An elegant lifting of one eyebrow. “Are you sure? Because from what I just saw—”

Another slap to a chest that was way firmer than it had any right to be. “That is not how I normally ride a bike!”

I stepped back and out of his arms, annoyed and hating that he was making fun of me... but also giggling along with him.

Hey, it wasn’t my fault. He was laughing, and he had one of those laughs that was impossible to ignore. It came from so deep in his chest, and was so infectious, that you couldn’t help but laugh when he did. He’d always been that way.

I’d just never been in a position to laugh with him before. Now that I was, I found that I...

Well, I liked it, and I certainly wasn’t going to apologize for that.

He grew sober, though, and looked down at himself apologetically. “I guess this isn’t what you were expecting to see when you got here.”

That was putting it mildly. But I didn’t think it would do either of us any good for me to dwell on that.

“Well, I expected a red carpet and someone bearing coffee in a silver tea set,” I told him seriously. “But barring all that, I’d settle for some time in this studio you’ve promised me.”

He grinned, but put it away quickly, and nodded. “Breakfast is in the kitchen. And coffee. Let me get changed and I’ll take you to the studio.” He ushered me into the house and pointed down the hall toward the kitchen, promising that there was no one in there to bother me, and then pounded his way up the stairs before I could ask if I could fix him anything.

I watched him go, thinking a couple of things: 1. I was in Connor Wheating’s house for the first time. 2. He was thundering up the stairs like he was about twelve years old.

And 3., This was not at all the way I’d expected this day to start.

* * *

We found ourselves in the studio twenty minutes later, an entire pot of coffee and two mugs in our hands and our eyes already on the instruments in the corner.

“You really didn’t need to bring your own guitar,” he said quietly. “I’ve got... a few.”

“So I see,” I replied, trying very hard not to smile. “You’ve got nearly as many as I do.”

“More, probably. That’s only half of them.”

At that, I did laugh. “The curse of the musicians,” I noted, moving toward a stool and taking a seat with my own guitar in my lap. “You can never have enough.”

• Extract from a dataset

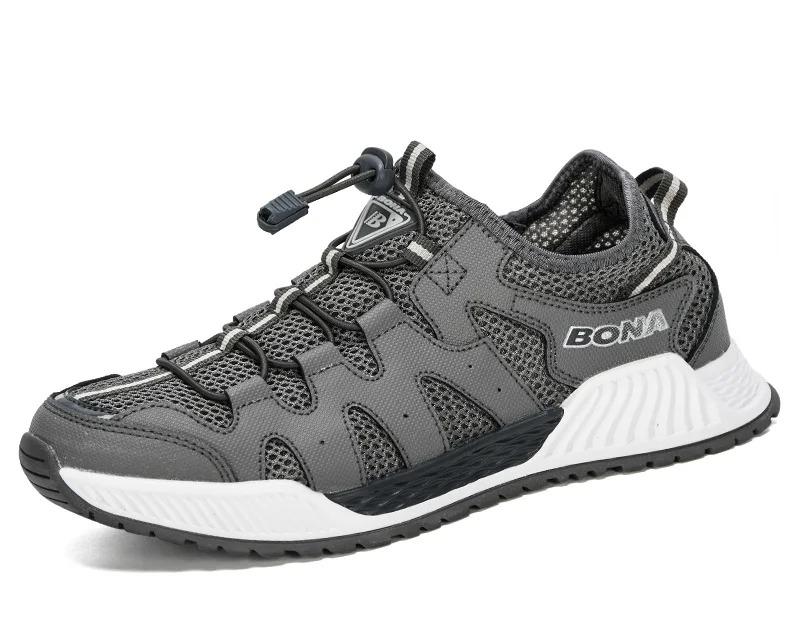 Сетчатый верх имеет зоны с разной плотностью плетения волокон, пришитый язычок, петли из канвасных лент и полоски сбоку, светящиеся в темноте (у некоторых вариантов). Пятка усилена канвасной петлей, а подошва из EVA имеет резиновый слой снизу, препятствующий скольжению.

He shrugged. “Just never know when one might not feel right.” He took a seat across from me and lifted one guitar reverently off its stand, placing it carefully in his lip and stroking it a bit.

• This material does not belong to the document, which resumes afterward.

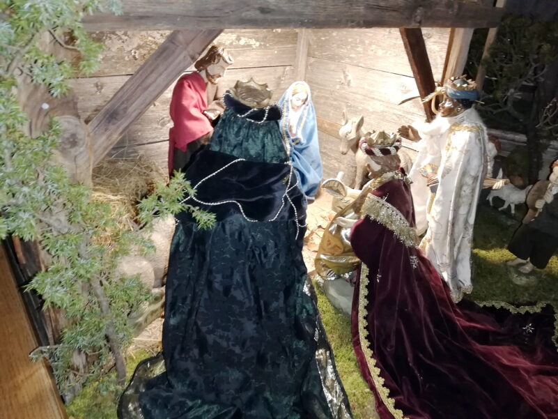 Bericht und Foto: Sybilla Wunderlich – Die Krippe mit den drei Weisen aus dem Morgenland in der St. Remigiuskirche – Ruhestandspfarrer Josef Kreuzpointer und Kurat Alfons Lay (links) bei der Messe

I watched, my head tilted. “I would make fun of you for treating it like a pet, but I think that would make me a hypocrite.” I strummed my own guitar quietly, reveling in the feel of it, the vibration of the strings. “It’s like coming home, isn’t it?”

“Better,” Connor murmured.

I looked up, expecting to see him looking at me, only to find him gazing at his guitar like he was actually in love with the thing. And yeah, I would have said something snarky and sarcastic. But I understood that look all too well. It was exactly how I felt about my own instrument.

And when he started playing, I realized that I had a lot more in common with Connor Wheating than I’d realized.

* * *

Hours later, we had something that might just be the most brilliant song I’d ever helped to write. It hadn’t been painless—Connor’s sound was much different than mine—and it certainly hadn’t been what I’d intended—I’d thought we were going to work on our own songs—but when it came right down to it, once he started playing, I’d started joining in and making suggestions, and then he’d responded, and then I’d responded, and…

Well, hours later, it turned out we were still working on one song together rather than splitting off to do our own thing. And it was sort of beautiful.

He must have realized it at the same moment I did, because he looked up from his guitar with a sort of shy grin. “We’re failing at writing our own songs, here.”

“I noticed that,” I told him, my own grin as wry as his. “I was just wondering when we were going to work on the second song.”

His gaze warmed at the question, like he’d been somehow wondering whether I was going to want to work on another song, but then slid to the wall behind me, and grew shocked.